Back through the dirty water - "You don't have to do it on the way out," said Sunny, stepping deftly around the trough.
The spice market was close by and Tina, who by now had elected herself Sunny's deputy, said she would show us where as she had already been there the day before. I suppose I should have seen a pattern emerging, but I blew it away, only too happy to have someone with us with a sense of adventure. The market, however, was just one long street with stall after stall, and after a while it made Diane, our only English member, sneeze. She seemed to me rather an ingenue, frail almost, perfectly worn blonde hair without a kink in it, and I was amazed when she told me she was on a year-long round the world tour. Amazed and not a bit jealous may I add. One should not judge on first impressions!
Walking back to the subway station we passed a number of people who had set up camp beside the road. Not only was the garbage excessive here, but so were the smells, the origin of one I am sorry to say I could trace immediately. Children in shredded kurtas and torn trousers were playing "ball" with a plastic container, and in their bare feet they were oblivious to the squalor and rubbish piled up around them. Women bent double were cooking rice over tiny fires. They could have been any age as they held their sari out of harnms way by gripping it with their teeth. This was the India I expected, yet oddly I never saw anything to equal it again even though I did see some slum dwellings. This pile of humanity was chaotic, where a trace of organisation, even sharing of what little resources they had, might have made a difference. I thought of my own grandchildren and thanked whatever god was listening that their karma had presumably been better from their previous lives. Mine too.
Last chai at the Hotel Perfect, and the sixteen of us split up between four taxis. I ended up with Diane and Tina. We didn't get too far though: we found ourselves hopeless ensnarled in the traffic jam to end all snarl-ups. We were on our way to the train station and we were late. New Delhi has a unique way of moving from one direction to the other, banned in most countries: you do a U-turn, in mid-flow, only in this case our manoueuvre was effectively blocked by a large white cow pulling a cart and I found myself face to face with a huge pair of nostrils and a tongue to match. The situation was so droll that Diane, in the back with me and only slightly farther away from this unexpected sight, started to laugh hysterically when I said: "I wonder how you say 'what's your cow's name' in Hindi?" "Diane's having an opo," explained Tina in perfect strine to the bunch in the taxi stuck beside us.
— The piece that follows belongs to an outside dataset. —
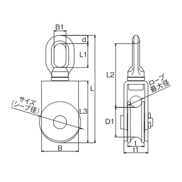 | No. | サイズ(シーブ径) | ロープ最大径 | d | L | L1 | L2 | L3 | D1 | B | B1 | t | t1 | 重量(g) | 使用荷重(kg) |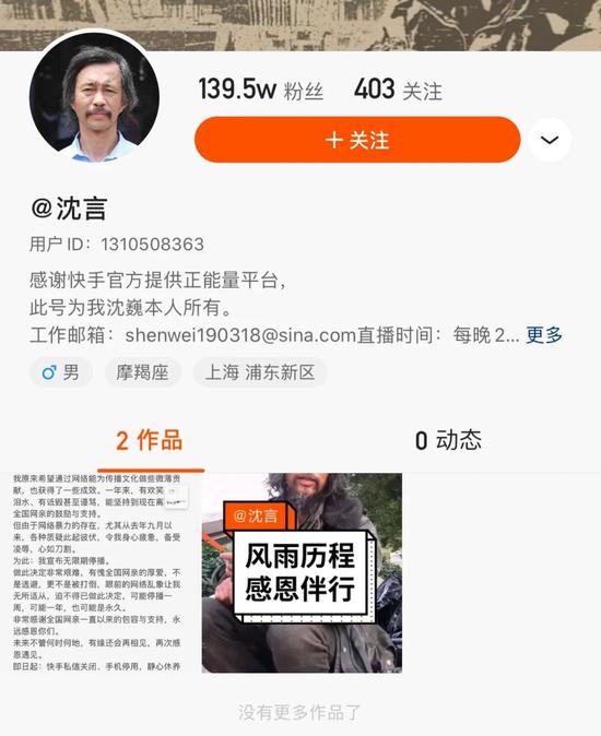 5月22日,沈巍在自己的快手号上发表了一封“致网亲的公开信”,宣布无限期停播。

I knew that this tour was Intrepid's Basic package, so I wasn't surprised when we located our berths and they were piled three high: 3AC. (I thought this had to be the lowest class until I went for a walk later. In Sleeper Class people were piled high some on bunks but most on top of their baggage or on the floor. There were heavy bars on the windows but no glass. I went back to my bunk feeling quite rich.) There were sheets, blankets and a pillow on each of these, freshly laundered but I wasn't yet at a stage to trust them so I rolled out my sleeping bag instead. We were somewhat spread out over two carriages and just as we were about to leave, a family came on and blocked every bit of floor space with boxes and luggage. Sunny was summoned by one of us, and between him and one of the many guards, the boxes were picked up and removed as quickly as they came with much muttering by the older man with the group. This left us cramped but at least not prisoners of Indian Railways. Out came chocolate bars, bags of chips and something called Masala Munch which I became steadily addicted too. Gradually the excited conversation died down to a few muffled "Good night"s and we all fell happily asleep rocked by the gentle movement of the train.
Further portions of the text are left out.